The National Disaster Management Authority (NDMA), Ministry of Health and Family Welfare, Union of India are directed to issue guidelines to the concerned States/Union Territories incorporating the directions issued hereinabove which shall be binding to all the States/Union Territories. – [Gaurav Kumar Bansal v. Union of India and others - Miscellaneous Application No. 1120 of 2021 - Date of Judgement : 04.10.2021 (SC)]

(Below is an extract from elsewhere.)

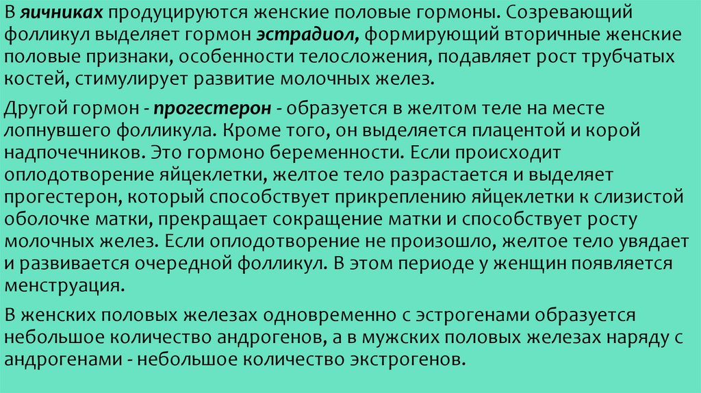 В яичниках продуцируются женские половые гормоны. Созревающийфолликул выделяет гормон эстрадиол, формирующий вторичные женские

Ex-Gratia Payment to prematurely retiring despite absence of Scheme allowable

Brief facts relating to the issue are that the Assessing Officer was of the view that in the absence of any scheme formulated by the assessee bank, the amount paid as ex-gratia to prematurely retiring employees was not to be allowed as deduction. The case of assessee on the other hand, was that the said payment was made in recognition of long term and meritorious services of the employees. The assessee had claimed the said expenditure as ex-gratia payment as in the nature of profits and in lieu of salary, and on the same, TDS was also deducted. However, the Assessing Officer disallowed the said expenses in view of section 35DDA of the Act and also held that they were not allowed as deduction under section 37(1) of the Act. The CIT(A) allowed the claim of assessee following the order of Tribunal in the case of another bank. Where the assessee in recognition of the services provided to its retiring employees make certain ex- gratia payments in recognition of their services, which are not based on any scheme or instruction formulated by the employer assessee, then the same partakes the nature of profit in lieu of salary. The relationship between the assessee and retiring employees was admittedly as of employer and employee and the remuneration paid to such employees is part of the salary due to the said employee. Even the ex-gratia payment made by the assessee over and above the remuneration due to the employees partakes the character of profits in lieu of salary to such employee and is duly allowable as an expenditure in the hands of the assessee under section 37(1) of the Act. (Related Assessment year : 2013-14) – [DCIT v. Prathamik Shikshak Sahakari Bank Ltd. - Appeal Number : ITA No.1307/PUN/2017 Date of Judgement : 19.08.2019 (ITAT Pune)]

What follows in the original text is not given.